The ten plagues begin with a swarm of crocodiles attacking a fleet of ordinary Egyptians. This feeding frenzy—which is very graphic for a PG-13 film—causes the Nile to turn red, which in turn drives frogs onto the land, which then dry and decompose, bringing swarms of gnats. The implication is that although God is the impetus, these calamities are perfectly reasonable from a scientific standpoint.
It is in the depiction of the suffering people that Exodus finds its most powerful theme. Watching poor farmers starve and a woman suffocated by flies creates an intense empathy for the Egyptians. The worst plague brings the Angel of Death, who steals the breath of children in the night, leaving them lifeless. Ramses is not spared this divine wrath as he finds his adorable infant son lifeless in his crib. Wailing uncontrollably, he tries to wake his only child, shaking him like a ragdoll. “Is this your God,” he asks Moses, cradling the swaddled corpse, “a child killer?”
It’s an incredibly honest question, and Moses seems taken aback by it. God does not author evil. Rather, this action was the direct result of the Ramses pride; his son was a holy innocent, just like the poor children who died at Herod’s hand or David and Bathsheba’s first son—and the millions of children who die from infanticide, abortion, in vitro fertilization, malnutrition, starvation, and abuse. They die because sin is present in the world, and every person of good will has the solemn responsibility to protect them. “The Hebrew children lived,” Moses responds. They were saved because their parents cared enough to follow God’s law and place their trust in him.

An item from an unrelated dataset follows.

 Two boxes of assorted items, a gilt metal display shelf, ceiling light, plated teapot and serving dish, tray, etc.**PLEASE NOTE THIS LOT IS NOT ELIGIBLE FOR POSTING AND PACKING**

Other than that brief exchange, Exodus rarely rises above the level of mediocrity. Its depiction of God is strange and uneven at best. First, Moses does not encounter God in the burning bush (see Exodus 3). Instead, God appears to Moses with the bush (in the background) after the prophet nearly dies in a rockslide, allowing the viewer the option of believing that the revelations seen and heard by Moses were mere hallucinations. Later, when Joshua catches Moses talking to God, it appears that Moses is simply talking to himself. Second, God is portrayed by a young boy (Issac Andrews) who is quite pushy and rather scary. The credits claim he is actually an angel, but the film is unclear.

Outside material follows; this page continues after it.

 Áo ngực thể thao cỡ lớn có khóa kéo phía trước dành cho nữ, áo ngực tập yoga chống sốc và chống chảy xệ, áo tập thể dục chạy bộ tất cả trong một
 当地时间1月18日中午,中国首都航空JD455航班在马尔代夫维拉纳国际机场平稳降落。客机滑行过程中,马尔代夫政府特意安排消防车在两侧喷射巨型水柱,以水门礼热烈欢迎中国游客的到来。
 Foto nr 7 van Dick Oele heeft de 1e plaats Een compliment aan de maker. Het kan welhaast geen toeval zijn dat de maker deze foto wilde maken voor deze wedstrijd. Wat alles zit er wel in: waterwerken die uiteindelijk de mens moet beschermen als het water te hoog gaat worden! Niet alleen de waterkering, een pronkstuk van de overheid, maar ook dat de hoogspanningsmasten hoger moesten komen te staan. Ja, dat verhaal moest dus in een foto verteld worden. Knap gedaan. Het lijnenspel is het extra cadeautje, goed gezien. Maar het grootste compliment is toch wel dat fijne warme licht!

Exodus: Gods and Kings is an epic film of great scale and with impressive effects, but with little substance or depth. Scott spends millions of dollars on displaying combat and miracles but misses huge opportunities to flesh out the story and enter into the real drama. The writing is uneven and sometimes awkward, and major figures—notably Aaron, the brother of Moses, and Joshua, the successor of Moses—are essentially ignored. Aaron Paul, the multiple Emmy winner from the mega-hit show, Breaking Bad, is cast as Joshua but has only about five lines. Other fine actors, including Sigourney Weaver and Ben Kingsley, are hardly used. And, finally, major events are given short shrift: it takes ten minutes for Moses to walk across the desert in exile, but the golden calf and the giving of the commandments at Mount Sinai are glossed over in seconds.
This film simply doesn’t bring much to the story and, at times, undermines the story. I rarely ever say this, but the book really is better. Much better.